- _Excerpted records_:
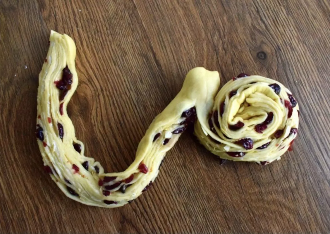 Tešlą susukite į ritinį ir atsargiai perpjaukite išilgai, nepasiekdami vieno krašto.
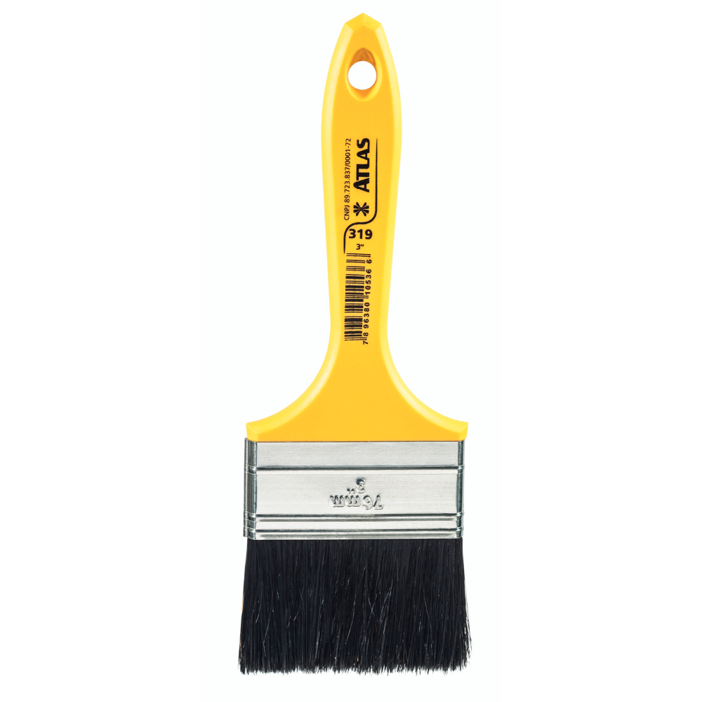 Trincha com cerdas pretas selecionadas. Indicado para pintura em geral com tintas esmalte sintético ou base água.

---

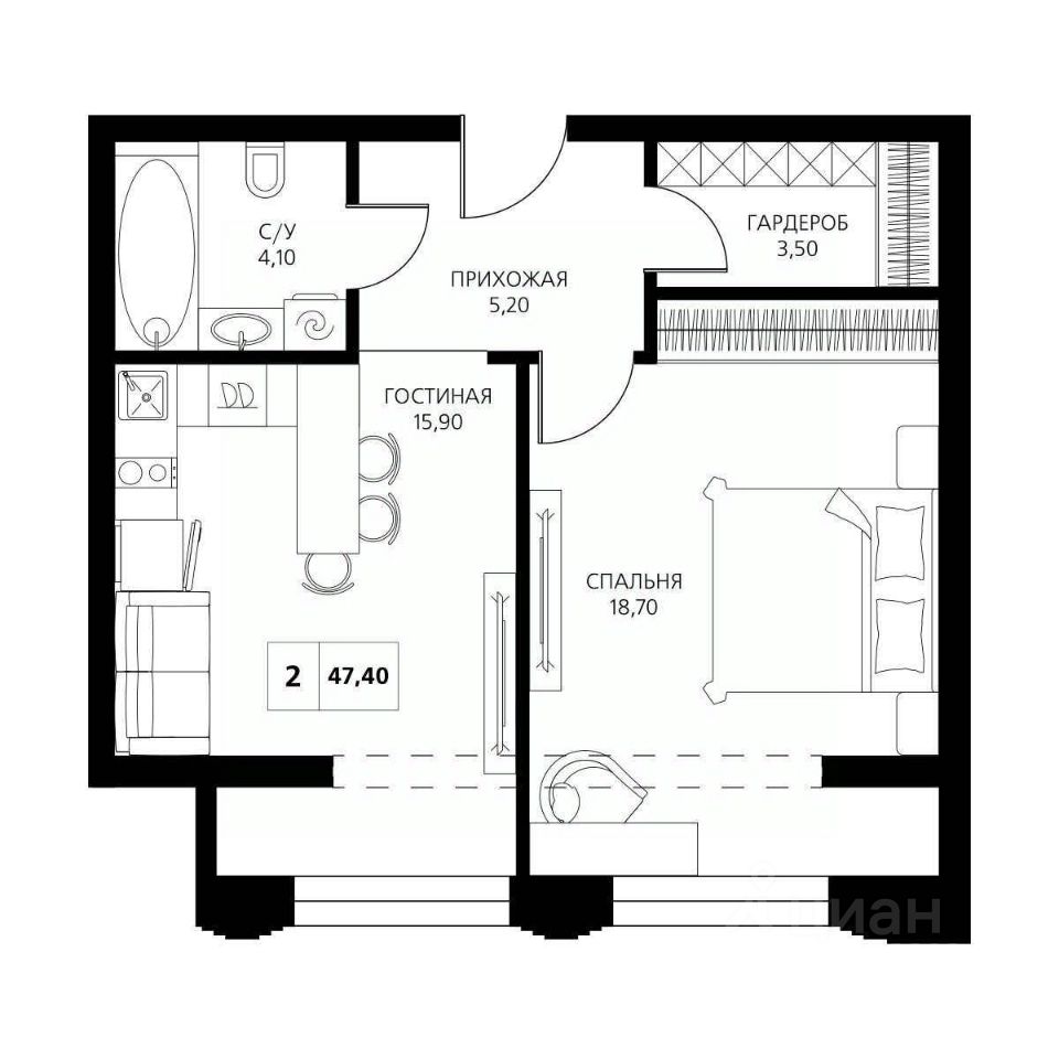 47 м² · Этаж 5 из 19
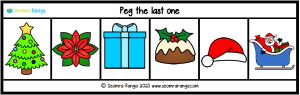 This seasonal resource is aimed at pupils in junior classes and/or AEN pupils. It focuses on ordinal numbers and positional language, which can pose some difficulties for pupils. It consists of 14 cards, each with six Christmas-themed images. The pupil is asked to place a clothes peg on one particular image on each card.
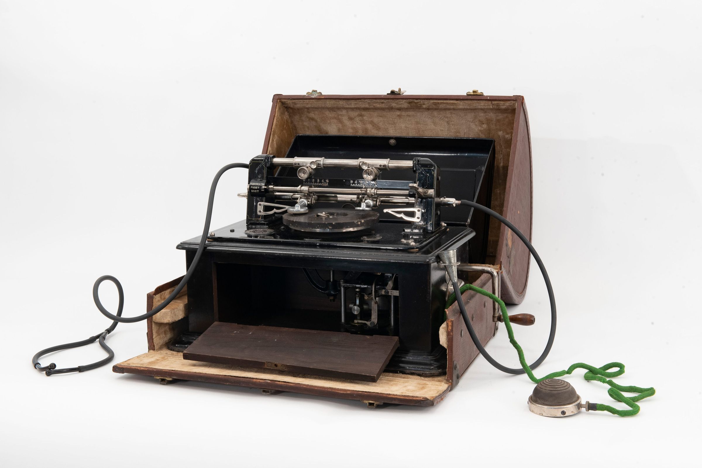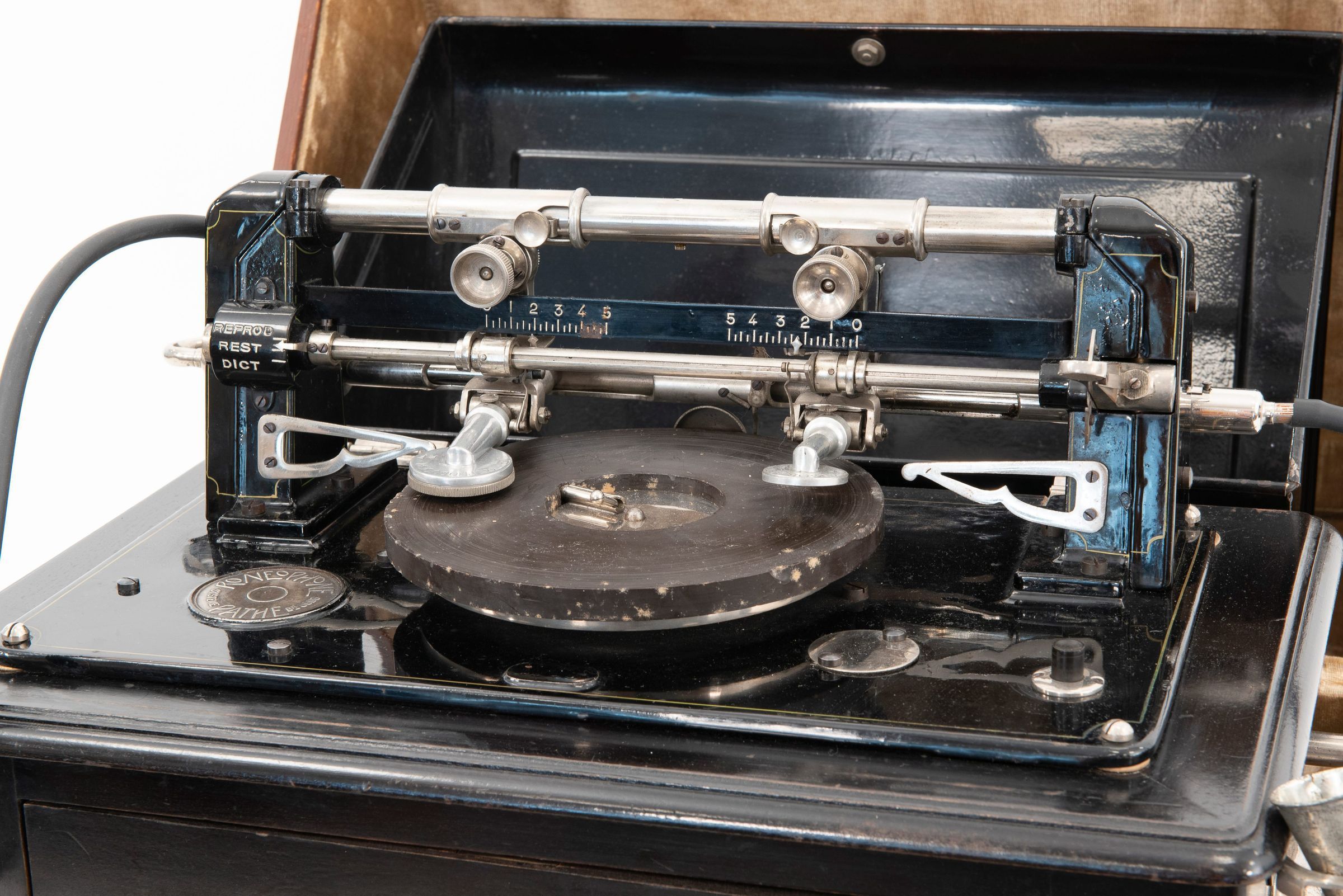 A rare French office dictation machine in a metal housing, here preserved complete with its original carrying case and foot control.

- _Work order_:
All lines above from the one containing "Tešlą susukite į" up to and including the one containing "Trincha com cerdas" are to be set down exactly, and nothing else. Leave images out.

- _Expected answer_:
 Tešlą susukite į ritinį ir atsargiai perpjaukite išilgai, nepasiekdami vieno krašto.
 Trincha com cerdas pretas selecionadas. Indicado para pintura em geral com tintas esmalte sintético ou base água.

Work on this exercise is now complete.